══ Stored data ══

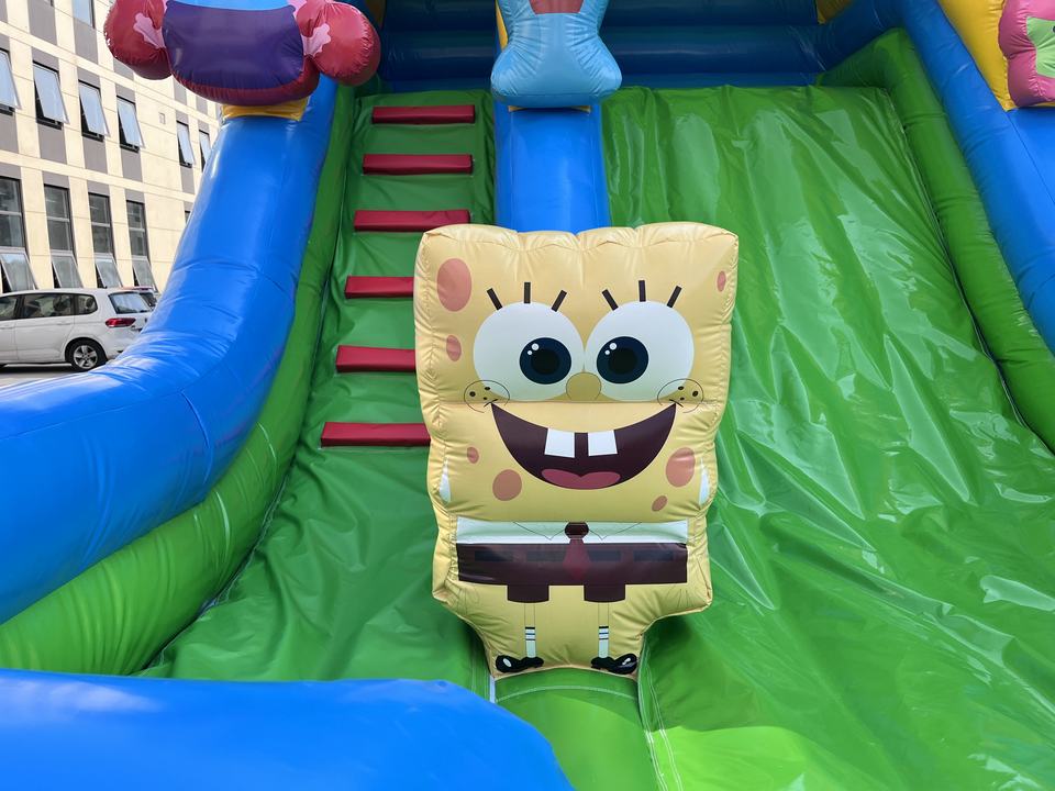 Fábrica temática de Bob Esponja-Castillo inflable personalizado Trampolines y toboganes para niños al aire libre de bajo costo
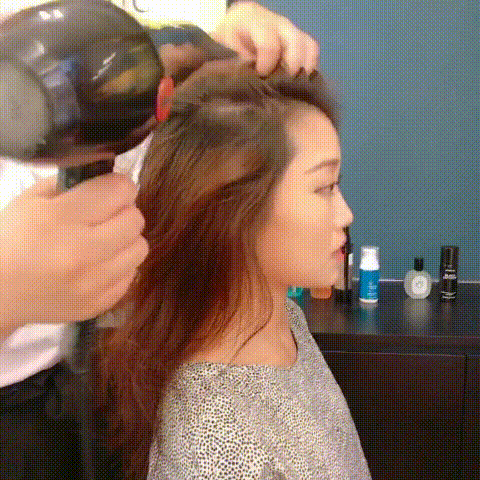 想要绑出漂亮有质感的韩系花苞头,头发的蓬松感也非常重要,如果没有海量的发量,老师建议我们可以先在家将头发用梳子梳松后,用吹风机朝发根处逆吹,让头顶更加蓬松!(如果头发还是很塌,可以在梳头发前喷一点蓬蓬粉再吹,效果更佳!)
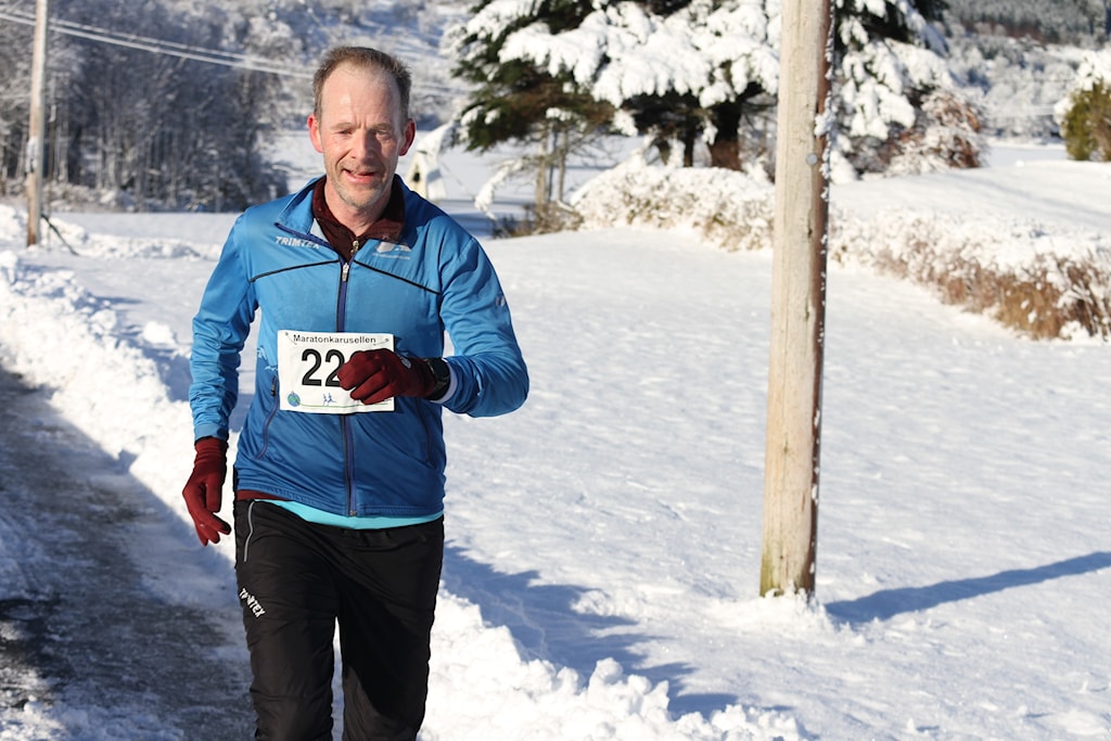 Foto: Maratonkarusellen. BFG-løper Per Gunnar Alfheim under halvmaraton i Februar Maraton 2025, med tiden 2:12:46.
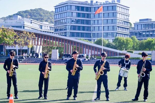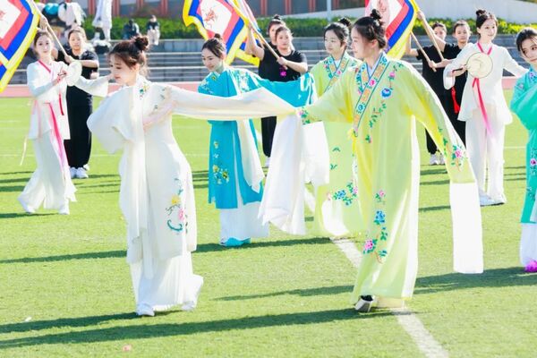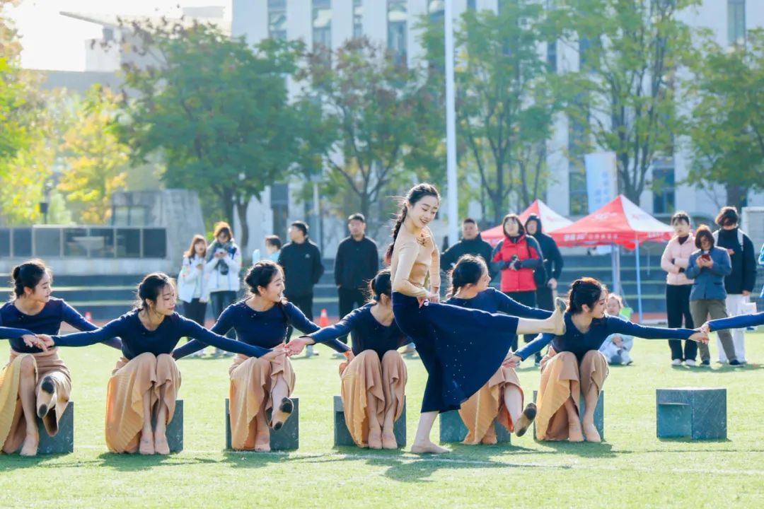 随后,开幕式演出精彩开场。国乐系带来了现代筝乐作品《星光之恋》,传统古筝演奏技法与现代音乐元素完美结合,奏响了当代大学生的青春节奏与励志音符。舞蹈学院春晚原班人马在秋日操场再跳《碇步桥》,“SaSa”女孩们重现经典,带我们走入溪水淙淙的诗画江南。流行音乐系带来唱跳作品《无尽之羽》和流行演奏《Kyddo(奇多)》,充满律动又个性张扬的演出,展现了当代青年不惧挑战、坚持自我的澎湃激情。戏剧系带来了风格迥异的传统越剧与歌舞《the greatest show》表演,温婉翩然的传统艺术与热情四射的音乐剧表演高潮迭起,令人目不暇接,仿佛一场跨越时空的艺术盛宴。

═══

### Exercise aim
Only the lines from the one containing "想要绑出漂亮有质感的韩系花苞" through the last line of the material are to be restated word for word; no picture is to be included.

### Exercise answer
 想要绑出漂亮有质感的韩系花苞头,头发的蓬松感也非常重要,如果没有海量的发量,老师建议我们可以先在家将头发用梳子梳松后,用吹风机朝发根处逆吹,让头顶更加蓬松!(如果头发还是很塌,可以在梳头发前喷一点蓬蓬粉再吹,效果更佳!)
 Foto: Maratonkarusellen. BFG-løper Per Gunnar Alfheim under halvmaraton i Februar Maraton 2025, med tiden 2:12:46.
 随后,开幕式演出精彩开场。国乐系带来了现代筝乐作品《星光之恋》,传统古筝演奏技法与现代音乐元素完美结合,奏响了当代大学生的青春节奏与励志音符。舞蹈学院春晚原班人马在秋日操场再跳《碇步桥》,“SaSa”女孩们重现经典,带我们走入溪水淙淙的诗画江南。流行音乐系带来唱跳作品《无尽之羽》和流行演奏《Kyddo(奇多)》,充满律动又个性张扬的演出,展现了当代青年不惧挑战、坚持自我的澎湃激情。戏剧系带来了风格迥异的传统越剧与歌舞《the greatest show》表演,温婉翩然的传统艺术与热情四射的音乐剧表演高潮迭起,令人目不暇接,仿佛一场跨越时空的艺术盛宴。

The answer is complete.